» **Data for the task**:

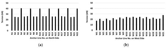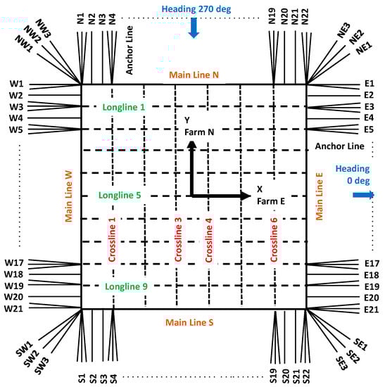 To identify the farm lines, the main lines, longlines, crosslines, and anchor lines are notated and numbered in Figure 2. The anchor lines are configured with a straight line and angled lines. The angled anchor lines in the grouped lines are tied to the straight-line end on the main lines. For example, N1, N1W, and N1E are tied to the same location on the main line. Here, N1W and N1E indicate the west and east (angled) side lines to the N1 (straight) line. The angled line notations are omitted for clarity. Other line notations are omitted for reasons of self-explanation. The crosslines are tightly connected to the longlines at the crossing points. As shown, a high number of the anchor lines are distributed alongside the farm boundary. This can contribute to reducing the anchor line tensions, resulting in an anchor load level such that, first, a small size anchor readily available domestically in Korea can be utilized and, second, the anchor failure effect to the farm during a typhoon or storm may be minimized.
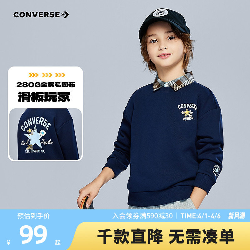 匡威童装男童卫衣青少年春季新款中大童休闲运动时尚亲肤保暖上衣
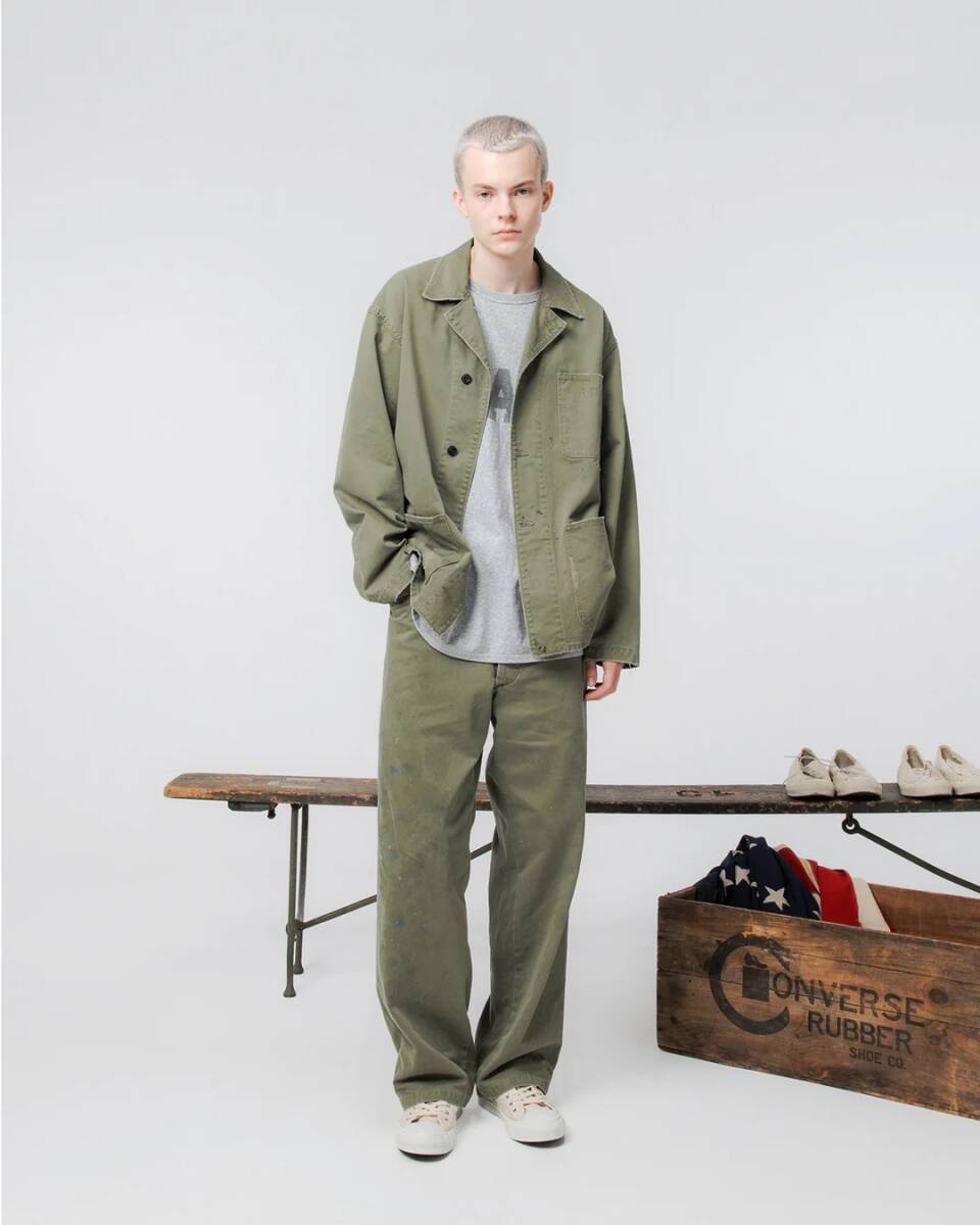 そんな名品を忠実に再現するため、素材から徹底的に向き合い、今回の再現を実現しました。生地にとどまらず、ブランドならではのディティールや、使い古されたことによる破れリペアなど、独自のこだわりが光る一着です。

...

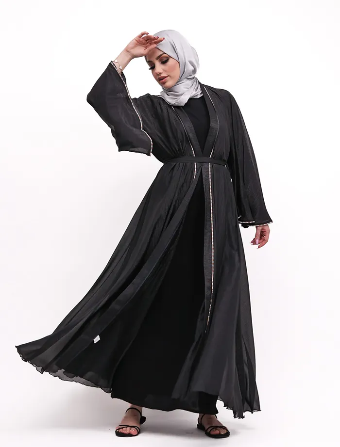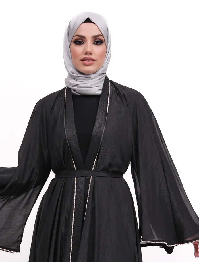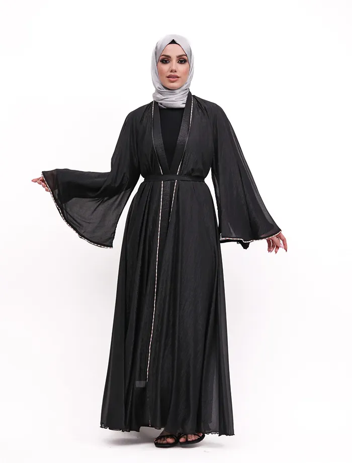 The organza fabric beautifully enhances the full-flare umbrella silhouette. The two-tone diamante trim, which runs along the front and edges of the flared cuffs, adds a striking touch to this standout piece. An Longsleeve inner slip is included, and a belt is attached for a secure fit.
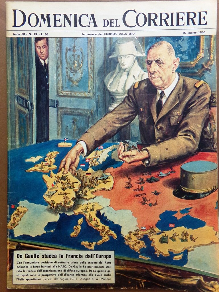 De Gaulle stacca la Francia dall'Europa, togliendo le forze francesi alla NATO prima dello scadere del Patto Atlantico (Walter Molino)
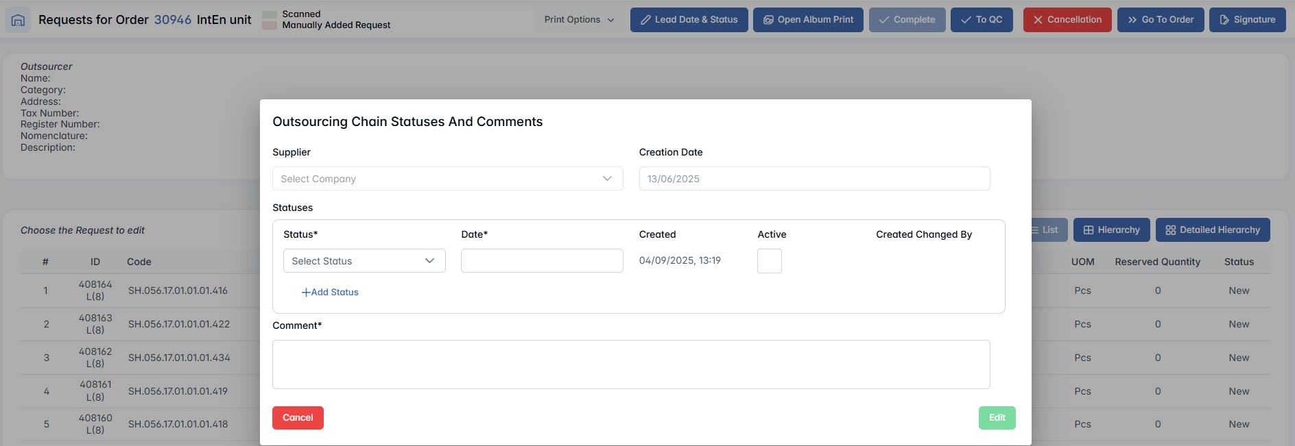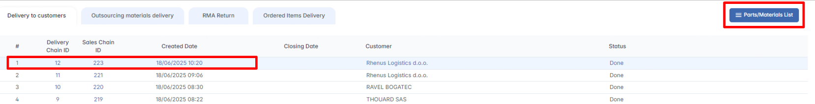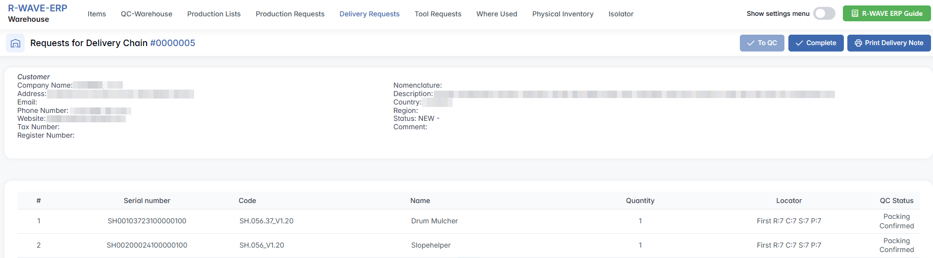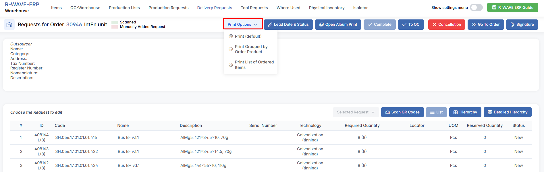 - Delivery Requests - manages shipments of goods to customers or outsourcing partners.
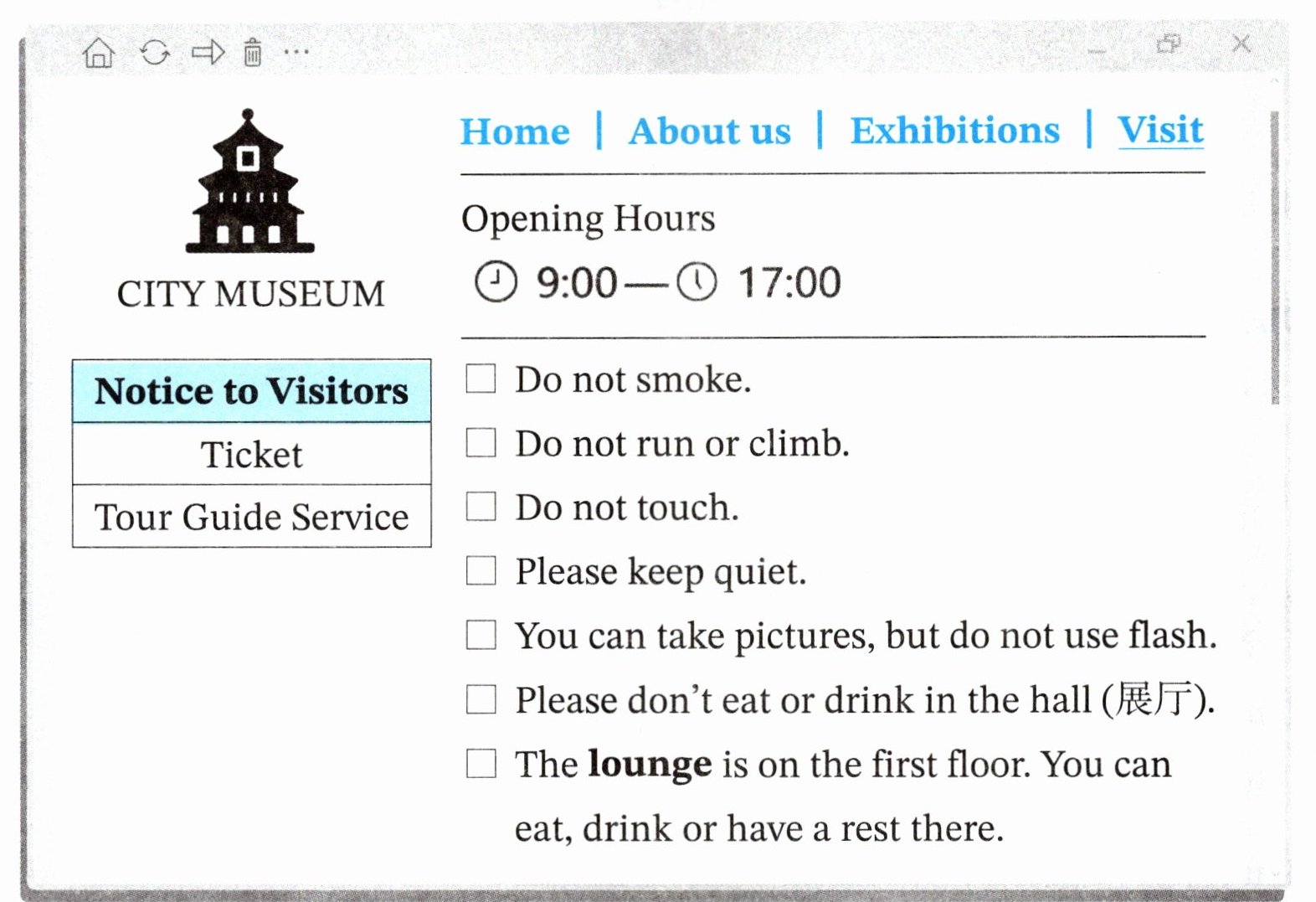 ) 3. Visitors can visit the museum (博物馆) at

» **Instructions to follow**:
The answer must be the lines above from the one containing "The organza fabric" through the one containing "- Delivery Requests", reproduced exactly, with no pictures and nothing else.

» **Exercise solution**:
 The organza fabric beautifully enhances the full-flare umbrella silhouette. The two-tone diamante trim, which runs along the front and edges of the flared cuffs, adds a striking touch to this standout piece. An Longsleeve inner slip is included, and a belt is attached for a secure fit.
 De Gaulle stacca la Francia dall'Europa, togliendo le forze francesi alla NATO prima dello scadere del Patto Atlantico (Walter Molino)
 - Delivery Requests - manages shipments of goods to customers or outsourcing partners.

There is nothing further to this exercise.